Jer missed the apple and it landed on the ground between us. “What about her?”
“She doesn’t really like you. I made it up.”
“Haha. Very funny. Of course she likes me.” Grapefruit, orange, grapefruit, plum.
“No, really.” I focused on his face, not the flying fruit. “I lied. She’s not playing hard to get. She’s not into you. I’m sorry.”
Jer stared at me with huge, green eyes. His hands fell to his sides.
“You what?” April yelled, standing right behind me.
Crap sandwich.
Grapefruit, orange, and plum hit the ground. I quickstepped back before the second grapefruit fell. “Look out!” I shouted.
The squishy slam of grapefruit hitting April will haunt my dreams. After impact, April didn’t cry or even make a sound. She just sort of folded over onto herself. I caught her before she hit the ground. “April!” I screamed.

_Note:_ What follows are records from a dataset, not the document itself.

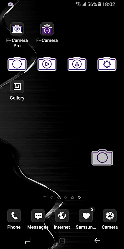 এর এফ ক্যামেরা প্রো শক্তিশালী বৈশিষ্ট্য বিল্ট-ইন উইজেট হয়। তারা আপনাকে অবিলম্বে ছবি, ভিডিও রেকর্ড বা অডিও রেকর্ড নিতে অনুমতি দেয়! তাদের উইজেট পর্দায় খুঁজুন।
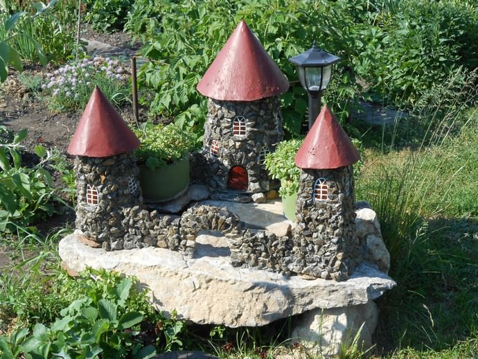 З каменю на своїй ділянці можна зробити справжній середньовічний замок. Для його створення вам будуть потрібні обрізки труби, бита керамічна плитка, каміння, пластикові пляшки і цемент.
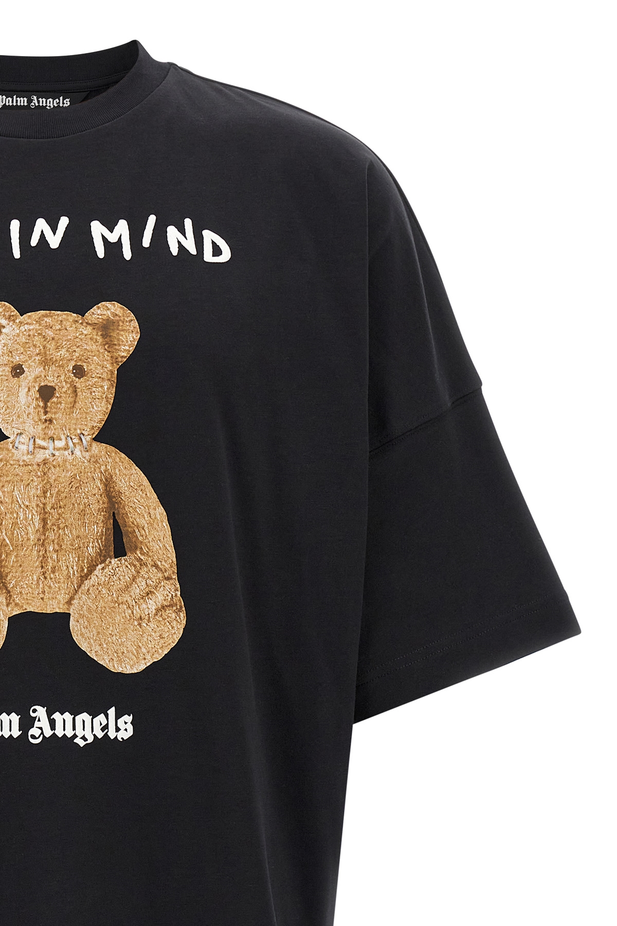 Cotton crew neck T-shirt with front 'Bear In Mind' print, short sleeves and dropped shoulders.
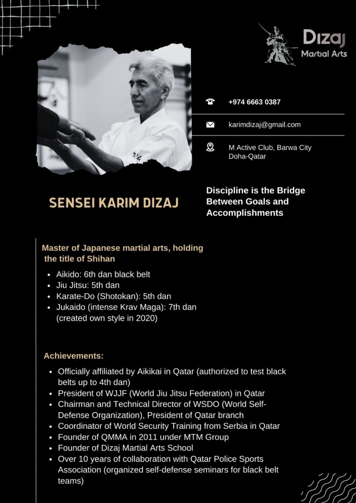 He shifted to Qatar for a sport promotions which was initiated by the Qatari government. Sensei Dizaj started to build up on 2007 Musashi International Martial Arts Academy recognized by AWA in Doha, Qatar. He is currently the manager and chief instructor of the academy.
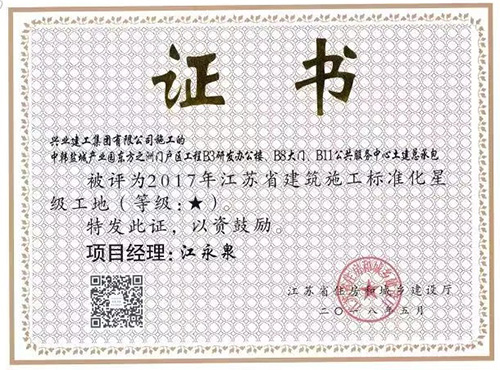 中韓鹽城產(chǎn)業(yè)園東方之洲門戶區(qū)B3研發(fā)辦公樓、B8大門、B11公共服務(wù)中心土建總承包工程榮獲“2017年度江蘇省建筑施工標(biāo)準(zhǔn)化星級(jí)工地”。
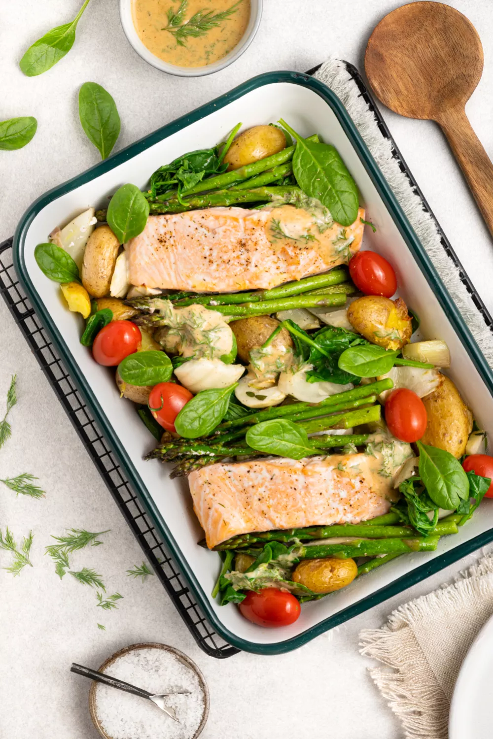 Deze frisse lentetraybake met zalm, krieltjes, venkel en groene asperges combineert knapperig geroosterde groenten met sappige vis en een pittig dillesausje voor een lichte maar vullende maaltijd. De eenvoudige ovenbereiding met kappertjes, kerstomaatjes en een scheutje citroen houdt het snel en smaakvol. Perfect voor een doordeweekse avond of een ontspannen weekendlunch in de lente.
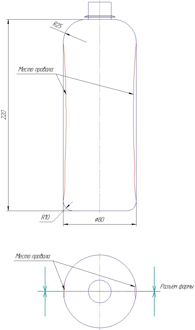 Проектировал форму на бутылку 1 л (круглая диаметром 80 мм). При испытании этой формы бутылка вышла с "упалыми" боками на линии разъему формы с двух сторон (фото добавляю). Заказчик говорит поправить форму, но на форме в сечении все нормально, радиуса R40 (где как раз и является дефект). Возможно дело все же в наладке формы? (На испытании не был, режимов и технические параметры ПЕТ формы не знаю)
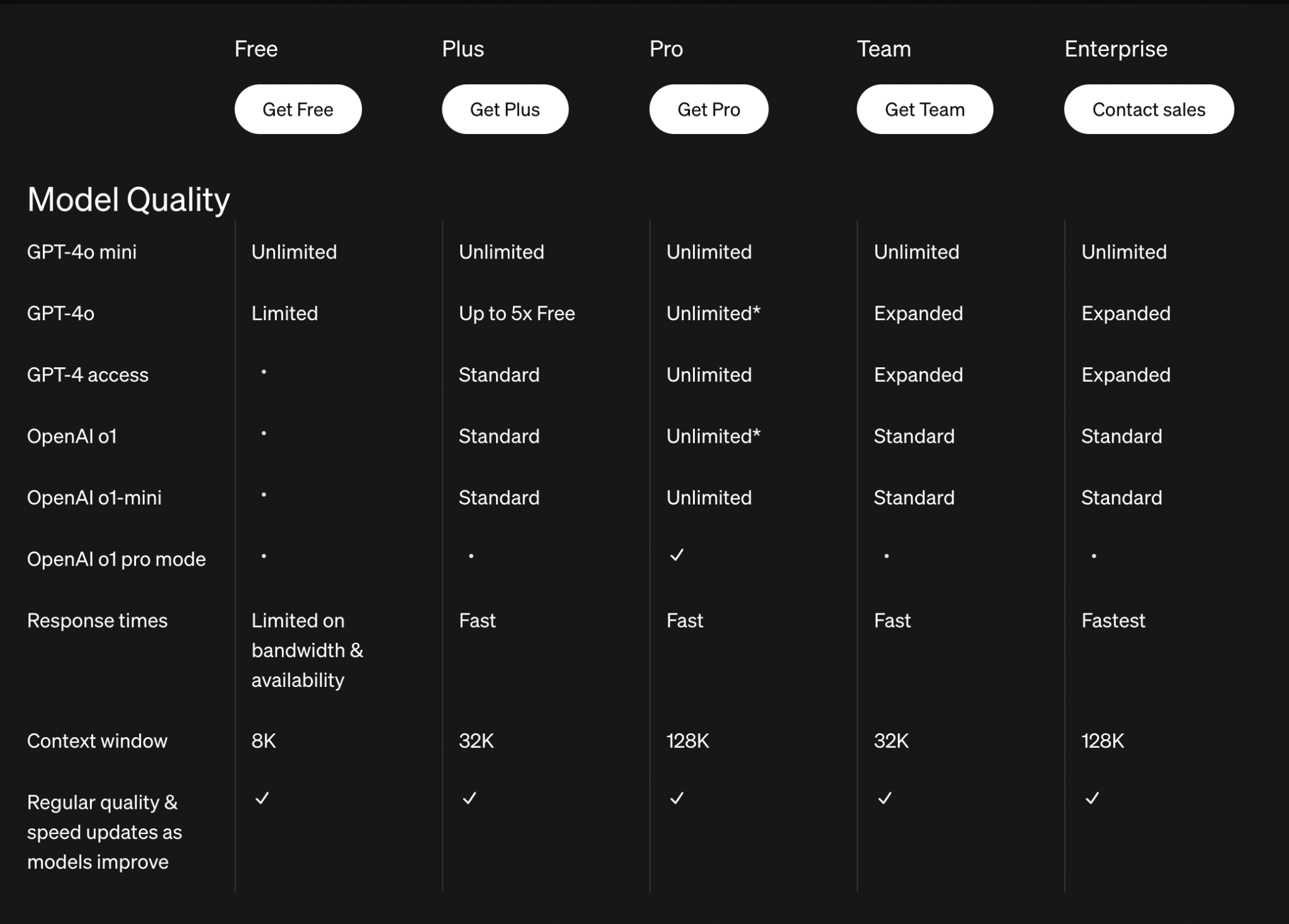 無料プラン(Free)では8Kトークンまで、PlusプランおよびTeamプランでは32Kトークンまで、そしてProプランやEnterpriseプランでは128Kトークンという大容量のコンテキストウィンドウを利用可能です。
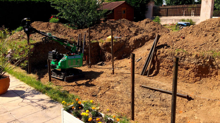 Les équipements d’installation Techno Pieux sont créés afin de pouvoir circuler dans les endroits les plus étroits. Il est donc facile de procéder à la mise en place des pieux à proximité des piscines ou près des patios déjà existants sans rien abîmer.
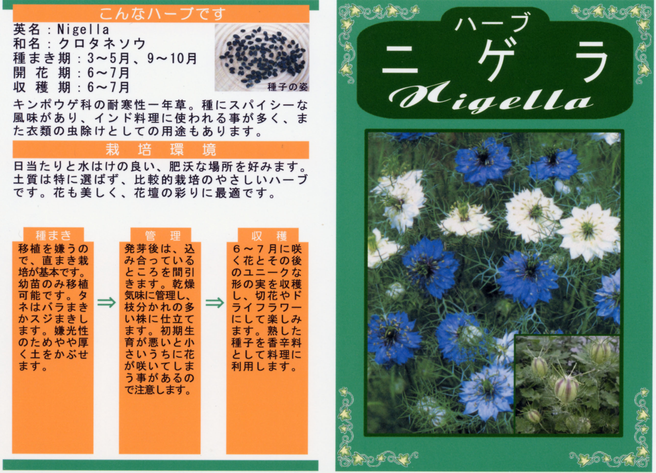 地中海沿岸に自生するキンポウゲ科の一年草で、幻想的な美しさから「ラブインナミスト(霧にひそむ愛)」とも呼ばれることもあります。特に花後にできる果実の形が変わっていて、ドライフラワーやハーブクラフトに利用されます。種子にイチゴのような芳香があり、スパイスとしてパンやケーキの風味付けに使われます。全草に毒性成分がありますので、ハーブとして使うのは種子のみです。ハーブガーデンの彩としての花の方が最適です。
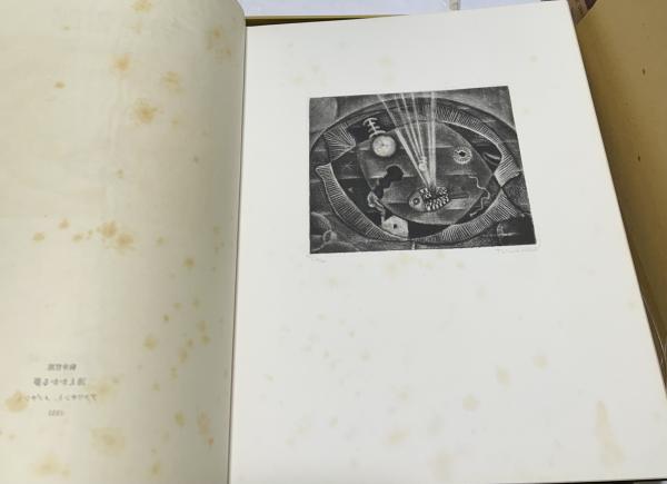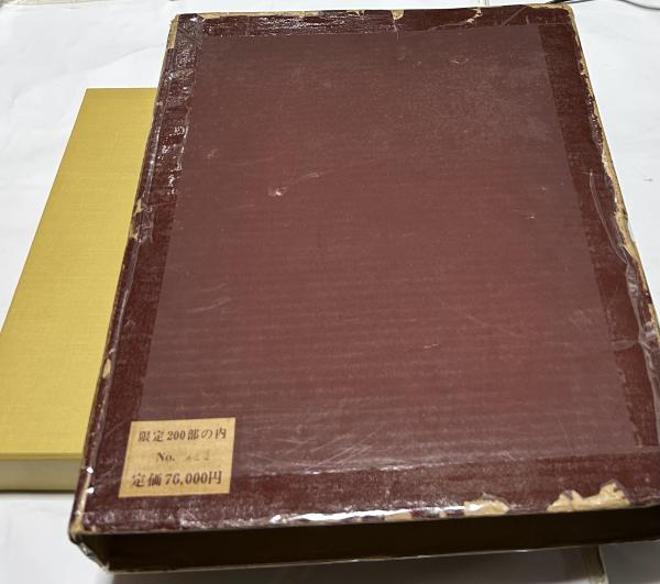 • 解説 限定200部のうち114番、銅版画2点入(ヤケシミ強し、番号、サイン入) 二重箱(輸送箱ヤケ、傷み多くテープ補修 また、輸送箱と中箱の間のダンボールがないので新しくダンボールを1枚挟んである) 本体小口等ヤケシミ 総革装 オフセット・グラビア版56図 銅版画作品カタログに227図 28.5x34.5cm 定価76.000円 昭和48年刊
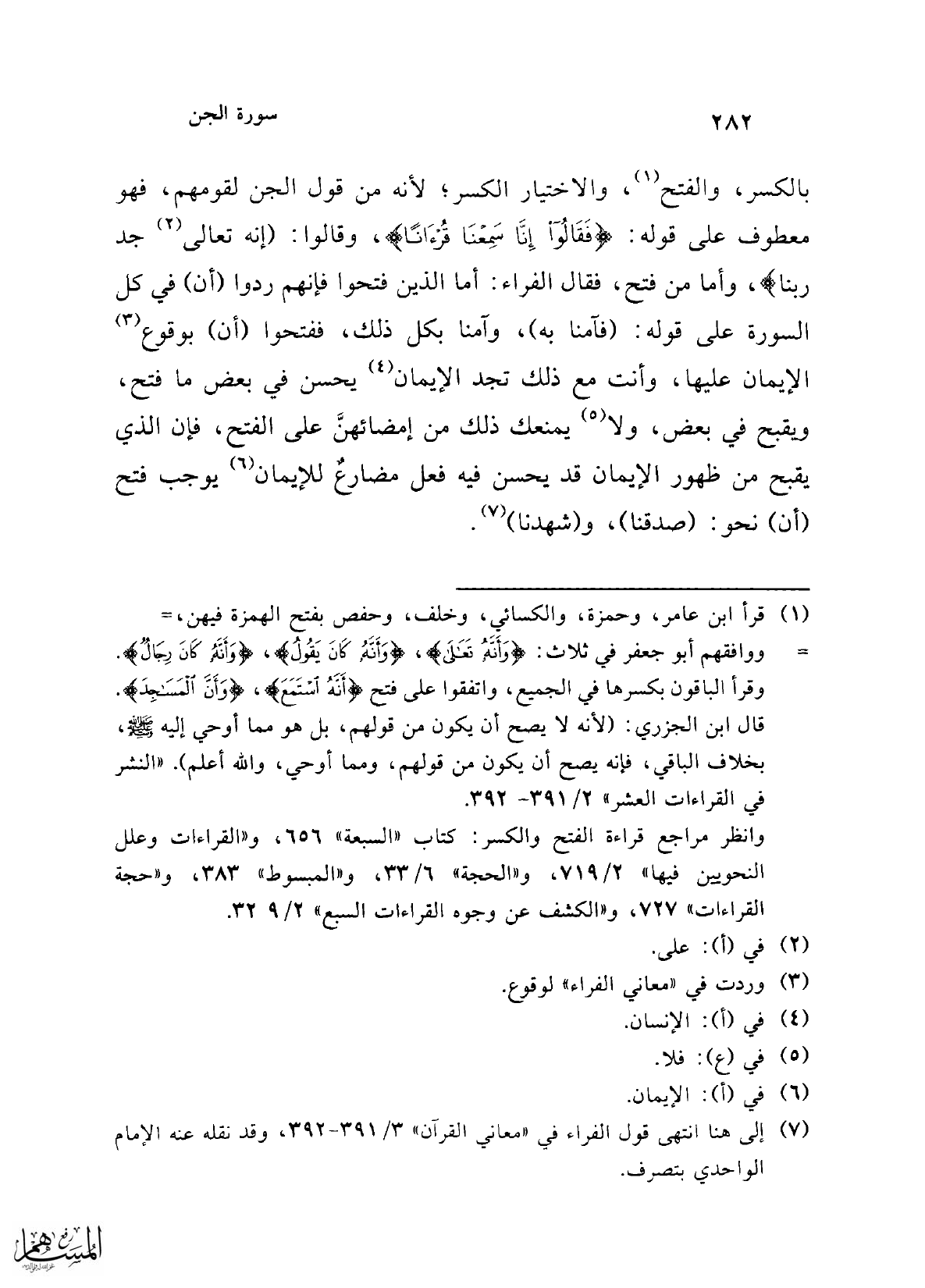 (¬2) لأن المعنى في فتح "أن" على العطف على "الهاء" أتم وأبين منه إذا عطفت على "أوحي إلى أنه". مرجع سابق.
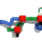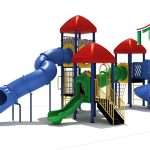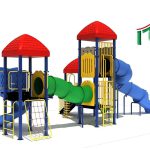 מתקן משחקים משולב ממתכת עם 3 מגדלים ואלמנטים.
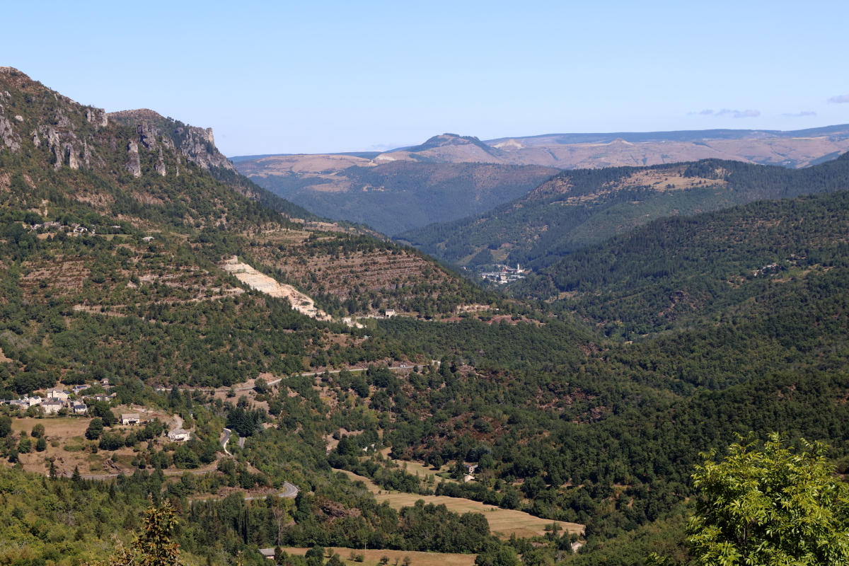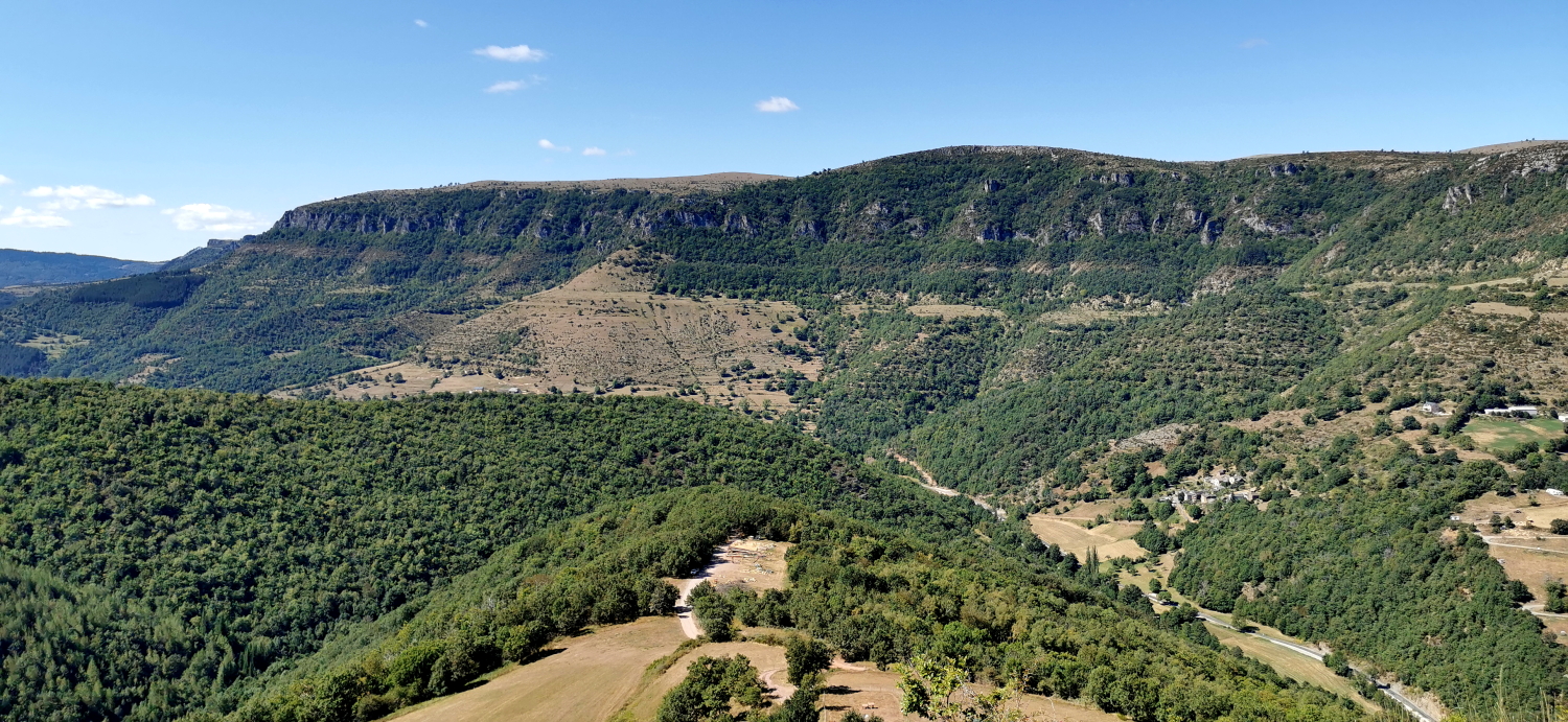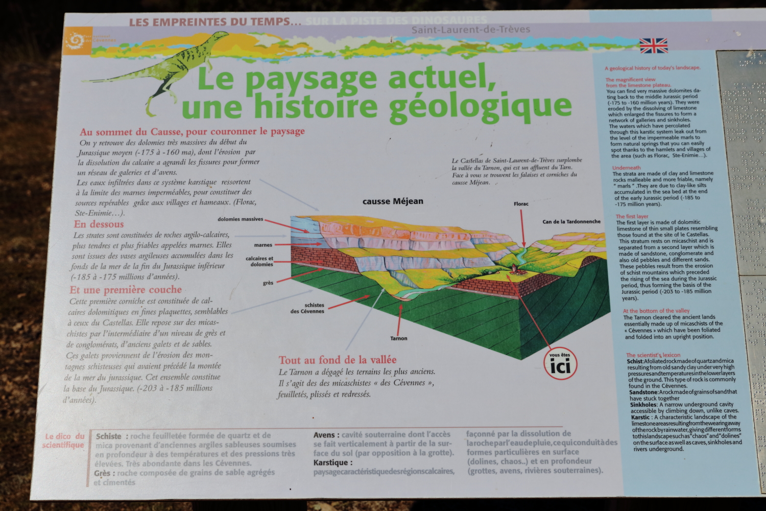JJ entame sa grimpette sur la Corniche des Cévennes sur les traces de digitigrades, les redoutables théropodes carnivores de Saint-Laurent-de-Trèves. Ce lieu expose une vue panoramique sur le causse Méjean et le mont Lozère (1699 m).
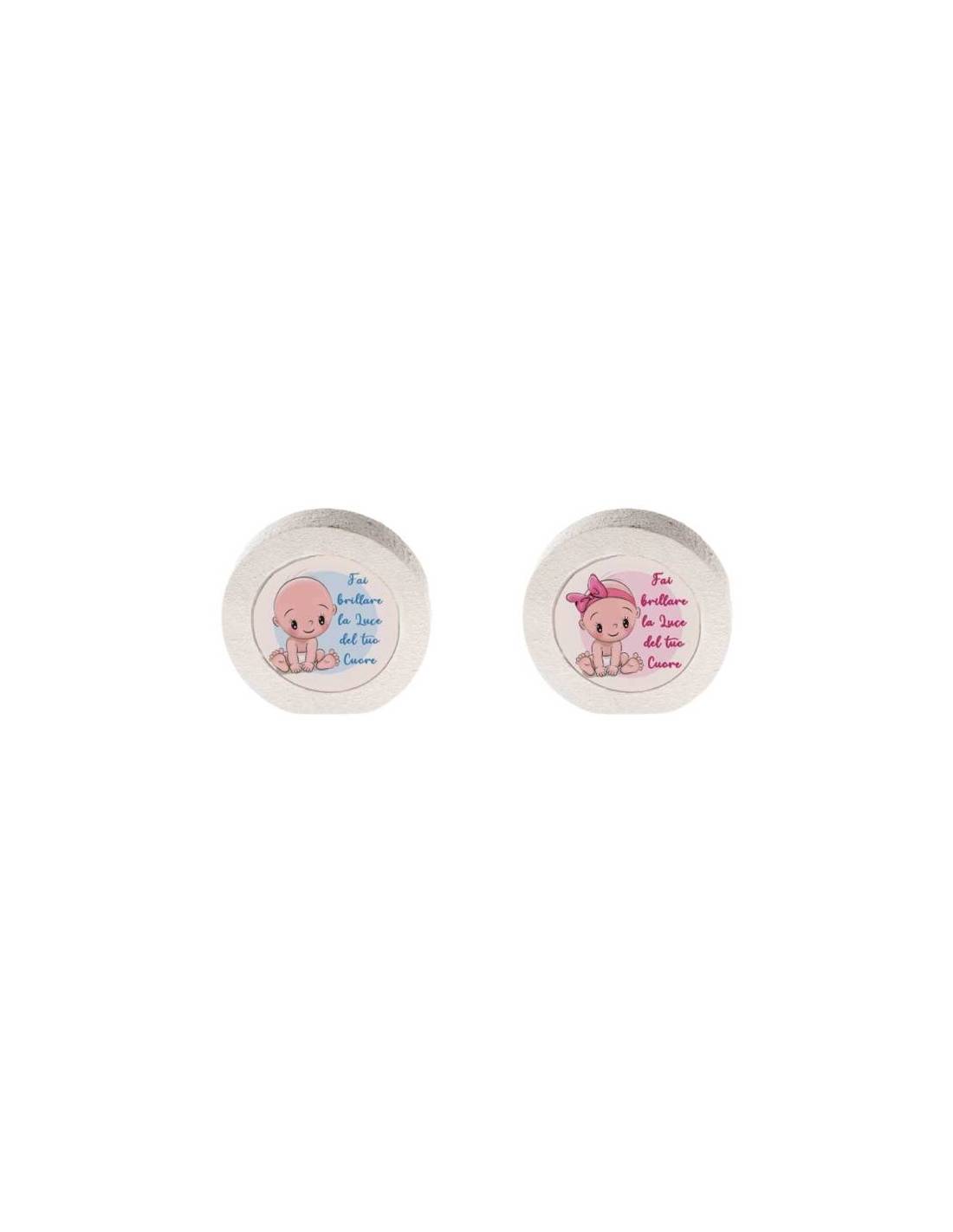 Idee bomboniere Battesimo lampada led tonda con possibilità di scelta tra versione maschio o femmina.

Her eyes fluttered a little and then her arms flung out.
“She’s disoriented!” I screamed to the gathering crowd. “She doesn’t know what she’s doing!”
Suddenly, April’s eyes popped open and she pushed me with two hands, sending me onto my butt. “I am trying to get away from you!” she screamed. “Get away from me!”
“Back again?” Nurse Gabby opened her door to my tear-stained face.
“Not her!” Jer elbowed me aside. “April!” He and Ash each had an arm around April. “She took a grapefruit to the temple.” April held the grapefruit up as evidence.
“Oh, dear,” Nurse Gabby said. “Did she lose consciousness?”
“Only for a second,” I said. “It was just a grapefruit.”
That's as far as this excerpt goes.